● **EXERCISE DIRECTIONS**: Leave the pictures in the listing below aside and reproduce exactly the lines starting with the one with "- Wände und" and going on through the one with "- Lesen Sie", both ends included.
[Opening SUPPLIED INFORMATION section]
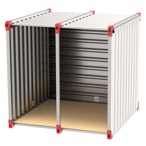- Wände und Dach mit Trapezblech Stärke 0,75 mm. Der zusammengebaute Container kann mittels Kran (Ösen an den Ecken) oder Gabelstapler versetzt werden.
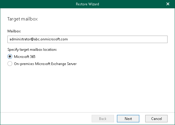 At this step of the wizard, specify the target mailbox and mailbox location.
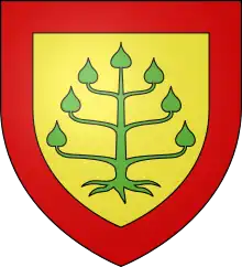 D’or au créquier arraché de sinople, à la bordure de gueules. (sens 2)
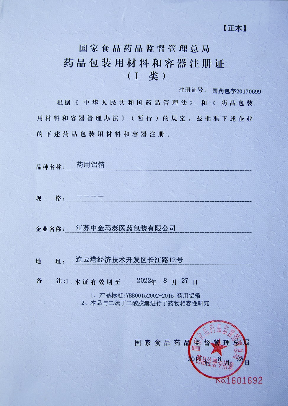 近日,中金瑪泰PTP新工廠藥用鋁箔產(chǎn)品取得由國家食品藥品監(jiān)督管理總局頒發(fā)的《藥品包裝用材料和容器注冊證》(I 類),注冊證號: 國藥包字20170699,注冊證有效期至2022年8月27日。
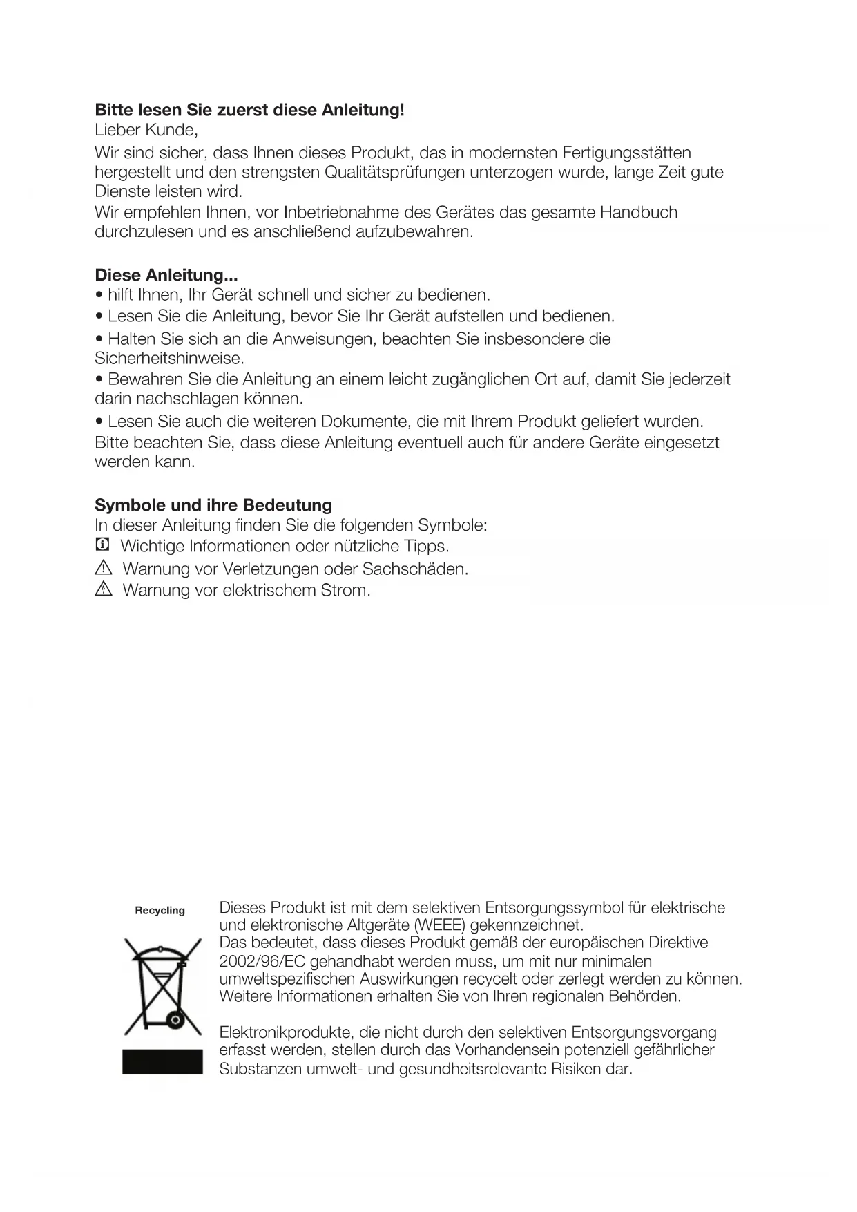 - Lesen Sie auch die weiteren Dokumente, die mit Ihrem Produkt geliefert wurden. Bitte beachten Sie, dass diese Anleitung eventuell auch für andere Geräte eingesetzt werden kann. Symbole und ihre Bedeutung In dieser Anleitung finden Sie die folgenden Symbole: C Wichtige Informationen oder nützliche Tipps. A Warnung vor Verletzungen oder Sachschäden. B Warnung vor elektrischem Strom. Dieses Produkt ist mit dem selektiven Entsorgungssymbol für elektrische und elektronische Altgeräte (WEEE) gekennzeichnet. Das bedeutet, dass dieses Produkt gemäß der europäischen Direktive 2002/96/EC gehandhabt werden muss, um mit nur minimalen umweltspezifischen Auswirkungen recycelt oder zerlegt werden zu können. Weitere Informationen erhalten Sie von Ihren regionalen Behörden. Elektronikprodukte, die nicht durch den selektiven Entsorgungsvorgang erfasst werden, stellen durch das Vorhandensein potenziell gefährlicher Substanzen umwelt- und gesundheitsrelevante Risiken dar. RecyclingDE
[Closing SUPPLIED INFORMATION section]
[Opening SUPPLIED INFORMATION section]
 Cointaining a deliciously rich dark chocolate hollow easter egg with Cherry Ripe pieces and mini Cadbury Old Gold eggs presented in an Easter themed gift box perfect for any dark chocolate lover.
[Closing SUPPLIED INFORMATION section]
● **TASK OUTPUT**:
- Wände und Dach mit Trapezblech Stärke 0,75 mm. Der zusammengebaute Container kann mittels Kran (Ösen an den Ecken) oder Gabelstapler versetzt werden.
 At this step of the wizard, specify the target mailbox and mailbox location.
 D’or au créquier arraché de sinople, à la bordure de gueules. (sens 2)
 近日,中金瑪泰PTP新工廠藥用鋁箔產(chǎn)品取得由國家食品藥品監(jiān)督管理總局頒發(fā)的《藥品包裝用材料和容器注冊證》(I 類),注冊證號: 國藥包字20170699,注冊證有效期至2022年8月27日。
 - Lesen Sie auch die weiteren Dokumente, die mit Ihrem Produkt geliefert wurden. Bitte beachten Sie, dass diese Anleitung eventuell auch für andere Geräte eingesetzt werden kann. Symbole und ihre Bedeutung In dieser Anleitung finden Sie die folgenden Symbole: C Wichtige Informationen oder nützliche Tipps. A Warnung vor Verletzungen oder Sachschäden. B Warnung vor elektrischem Strom. Dieses Produkt ist mit dem selektiven Entsorgungssymbol für elektrische und elektronische Altgeräte (WEEE) gekennzeichnet. Das bedeutet, dass dieses Produkt gemäß der europäischen Direktive 2002/96/EC gehandhabt werden muss, um mit nur minimalen umweltspezifischen Auswirkungen recycelt oder zerlegt werden zu können. Weitere Informationen erhalten Sie von Ihren regionalen Behörden. Elektronikprodukte, die nicht durch den selektiven Entsorgungsvorgang erfasst werden, stellen durch das Vorhandensein potenziell gefährlicher Substanzen umwelt- und gesundheitsrelevante Risiken dar. RecyclingDE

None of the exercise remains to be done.